= Precious Bedell =

American woman

Precious Bedell Murray (born 1954) is an American woman who was imprisoned for twenty years for murdering her two-year-old daughter, Lashonda Bedell. She has since worked as an activist to improve the lives of incarcerated people.

== Murder ==

=== Event ===
Lashonda Bedell was beaten in the restroom of a restaurant Nov. 7, 1979. She died four days later at a hospital. A doctor pronounced that her skull had been fractured in eight places.

=== Trial ===
Murray was convicted of second degree murder on October 31. The charge was later reduced to manslaughter after her defense attorney argued her conviction should be set aside due to legal errors. A judge allowed her to plead guilty to manslaughter and then be released based on her time already served. She was released in November 1999.

=== Incarceration ===
Murray was held at the Bedford Hills Correctional Facility in New York. During her imprisonment, Murray earned her GED, Bachelors and master's degrees.

== Activism ==

=== Awards ===

- 2016 Staff Community Service Award from the University of Rochester
- 2018 Warren J. Ferguson Scholarship from UMass Medical School

=== Career ===
Murray works as the Human subjects research coordinator in the Department of Psychiatry for the University of Rochester's Women's Initiative Supporting Health Transitions Clinic. Murray founded the Turning Points Resource Center, a nonprofit that supports the families of those incarcerated. She has been a guest speaker at the University of Rochester in their political science department. Murray is pursuing her doctorate degree at the University of Rochester.

=== Volunteer work ===
Murray volunteered on the "Ban the Box" campaign to prevent employer discrimination against those who have been formerly incarcerated.
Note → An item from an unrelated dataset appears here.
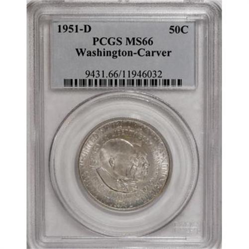 <B>1951-D 50C Washington-Carver MS66 PCGS.</B></I> Barely discernible whispers of powder-blue and gold adhere to the lustrous surfaces of this Premium Gem commemorative. A well executed strike leaves sharp definition on the motifs, and both sides are quite well preserved. Population: 51 in 66, 0 finer (1/08).<BR><BR><b>Shipping:</b> Coins & Currency (<a target="_blank" href="http://www.heritageauctions.com/common/shipping.php">view shipping information</a>)

She also volunteers with the Monroe County Reentry Task Force, the Safer Monroe Re-Entry Team, Pillars of Hope, the Rochester Area Interfaith Hospitality Network, the African American Health Coalition of the Finger Lakes Health Systems Agency, and Facing Race Embracing Equality, and is on the planning committee of Big Brothers Big Sisters.

=== Publications ===
Murray publishes under the name Precious Bedell with academic groups about the importance of first-person language when discussing incarcerated individuals in academic publications.